- ACTIVITY
The only acceptable output is every entry, printed exactly.

- AVAILABLE RECORDS
====

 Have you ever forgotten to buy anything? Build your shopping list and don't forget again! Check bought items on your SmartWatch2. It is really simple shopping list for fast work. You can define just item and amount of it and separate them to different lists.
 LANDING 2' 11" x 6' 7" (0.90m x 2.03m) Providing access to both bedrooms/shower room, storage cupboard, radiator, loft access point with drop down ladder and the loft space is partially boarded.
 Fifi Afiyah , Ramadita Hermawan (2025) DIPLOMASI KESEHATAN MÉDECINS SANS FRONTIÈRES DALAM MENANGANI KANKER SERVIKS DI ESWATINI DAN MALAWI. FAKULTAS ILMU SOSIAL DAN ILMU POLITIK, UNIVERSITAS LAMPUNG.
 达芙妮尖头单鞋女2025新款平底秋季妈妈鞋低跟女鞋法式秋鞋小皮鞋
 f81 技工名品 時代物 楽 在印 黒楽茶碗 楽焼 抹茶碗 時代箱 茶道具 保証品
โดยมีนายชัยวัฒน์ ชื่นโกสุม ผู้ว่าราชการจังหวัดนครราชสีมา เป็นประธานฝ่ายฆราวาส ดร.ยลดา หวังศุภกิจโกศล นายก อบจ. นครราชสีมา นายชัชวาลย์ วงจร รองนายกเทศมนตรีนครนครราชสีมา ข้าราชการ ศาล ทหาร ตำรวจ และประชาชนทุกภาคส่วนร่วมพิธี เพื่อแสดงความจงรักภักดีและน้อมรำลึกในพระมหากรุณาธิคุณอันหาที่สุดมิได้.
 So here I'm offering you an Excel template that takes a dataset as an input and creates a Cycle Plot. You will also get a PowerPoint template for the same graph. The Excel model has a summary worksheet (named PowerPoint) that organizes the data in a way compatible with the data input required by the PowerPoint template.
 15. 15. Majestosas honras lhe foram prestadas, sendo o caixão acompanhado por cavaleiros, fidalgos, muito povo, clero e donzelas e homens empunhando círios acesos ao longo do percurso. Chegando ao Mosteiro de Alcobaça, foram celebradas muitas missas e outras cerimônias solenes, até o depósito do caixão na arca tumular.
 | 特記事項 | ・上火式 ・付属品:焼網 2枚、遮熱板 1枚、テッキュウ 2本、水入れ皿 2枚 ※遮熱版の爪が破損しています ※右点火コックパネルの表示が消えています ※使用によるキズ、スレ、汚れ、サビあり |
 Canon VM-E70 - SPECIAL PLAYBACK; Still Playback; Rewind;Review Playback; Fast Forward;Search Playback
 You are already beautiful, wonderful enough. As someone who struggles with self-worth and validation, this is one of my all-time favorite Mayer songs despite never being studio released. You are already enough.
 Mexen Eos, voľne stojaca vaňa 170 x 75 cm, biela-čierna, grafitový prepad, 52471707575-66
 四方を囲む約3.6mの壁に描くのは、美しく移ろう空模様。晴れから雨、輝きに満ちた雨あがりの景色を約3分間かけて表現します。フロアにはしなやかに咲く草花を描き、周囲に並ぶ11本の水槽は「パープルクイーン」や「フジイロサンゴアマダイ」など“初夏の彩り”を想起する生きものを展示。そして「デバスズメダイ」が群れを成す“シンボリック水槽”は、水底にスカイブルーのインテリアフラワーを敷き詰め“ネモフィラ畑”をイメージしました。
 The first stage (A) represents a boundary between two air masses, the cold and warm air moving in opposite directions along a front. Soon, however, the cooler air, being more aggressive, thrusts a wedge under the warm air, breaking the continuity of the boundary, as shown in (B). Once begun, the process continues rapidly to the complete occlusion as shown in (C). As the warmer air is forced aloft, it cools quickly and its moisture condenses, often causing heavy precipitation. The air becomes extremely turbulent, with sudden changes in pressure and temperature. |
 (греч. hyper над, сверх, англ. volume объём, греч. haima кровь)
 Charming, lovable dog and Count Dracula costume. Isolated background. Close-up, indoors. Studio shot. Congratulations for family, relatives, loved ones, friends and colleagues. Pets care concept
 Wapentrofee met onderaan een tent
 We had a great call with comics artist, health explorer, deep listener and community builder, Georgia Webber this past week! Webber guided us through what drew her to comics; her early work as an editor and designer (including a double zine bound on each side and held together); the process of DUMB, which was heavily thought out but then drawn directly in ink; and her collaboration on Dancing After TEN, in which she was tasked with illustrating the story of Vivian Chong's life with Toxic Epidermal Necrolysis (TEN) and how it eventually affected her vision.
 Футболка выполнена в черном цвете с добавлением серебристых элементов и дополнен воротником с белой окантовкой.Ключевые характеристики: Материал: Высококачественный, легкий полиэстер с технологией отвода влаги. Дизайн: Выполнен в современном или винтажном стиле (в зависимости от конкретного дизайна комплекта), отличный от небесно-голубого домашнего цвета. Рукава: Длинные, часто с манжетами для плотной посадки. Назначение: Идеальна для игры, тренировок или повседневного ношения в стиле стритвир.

====

- EXERCISE RESPONSE
 Have you ever forgotten to buy anything? Build your shopping list and don't forget again! Check bought items on your SmartWatch2. It is really simple shopping list for fast work. You can define just item and amount of it and separate them to different lists.
 LANDING 2' 11" x 6' 7" (0.90m x 2.03m) Providing access to both bedrooms/shower room, storage cupboard, radiator, loft access point with drop down ladder and the loft space is partially boarded.
 Fifi Afiyah , Ramadita Hermawan (2025) DIPLOMASI KESEHATAN MÉDECINS SANS FRONTIÈRES DALAM MENANGANI KANKER SERVIKS DI ESWATINI DAN MALAWI. FAKULTAS ILMU SOSIAL DAN ILMU POLITIK, UNIVERSITAS LAMPUNG.
 达芙妮尖头单鞋女2025新款平底秋季妈妈鞋低跟女鞋法式秋鞋小皮鞋
 f81 技工名品 時代物 楽 在印 黒楽茶碗 楽焼 抹茶碗 時代箱 茶道具 保証品
โดยมีนายชัยวัฒน์ ชื่นโกสุม ผู้ว่าราชการจังหวัดนครราชสีมา เป็นประธานฝ่ายฆราวาส ดร.ยลดา หวังศุภกิจโกศล นายก อบจ. นครราชสีมา นายชัชวาลย์ วงจร รองนายกเทศมนตรีนครนครราชสีมา ข้าราชการ ศาล ทหาร ตำรวจ และประชาชนทุกภาคส่วนร่วมพิธี เพื่อแสดงความจงรักภักดีและน้อมรำลึกในพระมหากรุณาธิคุณอันหาที่สุดมิได้.
 So here I'm offering you an Excel template that takes a dataset as an input and creates a Cycle Plot. You will also get a PowerPoint template for the same graph. The Excel model has a summary worksheet (named PowerPoint) that organizes the data in a way compatible with the data input required by the PowerPoint template.
 15. 15. Majestosas honras lhe foram prestadas, sendo o caixão acompanhado por cavaleiros, fidalgos, muito povo, clero e donzelas e homens empunhando círios acesos ao longo do percurso. Chegando ao Mosteiro de Alcobaça, foram celebradas muitas missas e outras cerimônias solenes, até o depósito do caixão na arca tumular.
 | 特記事項 | ・上火式 ・付属品:焼網 2枚、遮熱板 1枚、テッキュウ 2本、水入れ皿 2枚 ※遮熱版の爪が破損しています ※右点火コックパネルの表示が消えています ※使用によるキズ、スレ、汚れ、サビあり |
 Canon VM-E70 - SPECIAL PLAYBACK; Still Playback; Rewind;Review Playback; Fast Forward;Search Playback
 You are already beautiful, wonderful enough. As someone who struggles with self-worth and validation, this is one of my all-time favorite Mayer songs despite never being studio released. You are already enough.
 Mexen Eos, voľne stojaca vaňa 170 x 75 cm, biela-čierna, grafitový prepad, 52471707575-66
 四方を囲む約3.6mの壁に描くのは、美しく移ろう空模様。晴れから雨、輝きに満ちた雨あがりの景色を約3分間かけて表現します。フロアにはしなやかに咲く草花を描き、周囲に並ぶ11本の水槽は「パープルクイーン」や「フジイロサンゴアマダイ」など“初夏の彩り”を想起する生きものを展示。そして「デバスズメダイ」が群れを成す“シンボリック水槽”は、水底にスカイブルーのインテリアフラワーを敷き詰め“ネモフィラ畑”をイメージしました。
 The first stage (A) represents a boundary between two air masses, the cold and warm air moving in opposite directions along a front. Soon, however, the cooler air, being more aggressive, thrusts a wedge under the warm air, breaking the continuity of the boundary, as shown in (B). Once begun, the process continues rapidly to the complete occlusion as shown in (C). As the warmer air is forced aloft, it cools quickly and its moisture condenses, often causing heavy precipitation. The air becomes extremely turbulent, with sudden changes in pressure and temperature. |
 (греч. hyper над, сверх, англ. volume объём, греч. haima кровь)
 Charming, lovable dog and Count Dracula costume. Isolated background. Close-up, indoors. Studio shot. Congratulations for family, relatives, loved ones, friends and colleagues. Pets care concept
 Wapentrofee met onderaan een tent
 We had a great call with comics artist, health explorer, deep listener and community builder, Georgia Webber this past week! Webber guided us through what drew her to comics; her early work as an editor and designer (including a double zine bound on each side and held together); the process of DUMB, which was heavily thought out but then drawn directly in ink; and her collaboration on Dancing After TEN, in which she was tasked with illustrating the story of Vivian Chong's life with Toxic Epidermal Necrolysis (TEN) and how it eventually affected her vision.
 Футболка выполнена в черном цвете с добавлением серебристых элементов и дополнен воротником с белой окантовкой.Ключевые характеристики: Материал: Высококачественный, легкий полиэстер с технологией отвода влаги. Дизайн: Выполнен в современном или винтажном стиле (в зависимости от конкретного дизайна комплекта), отличный от небесно-голубого домашнего цвета. Рукава: Длинные, часто с манжетами для плотной посадки. Назначение: Идеальна для игры, тренировок или повседневного ношения в стиле стритвир.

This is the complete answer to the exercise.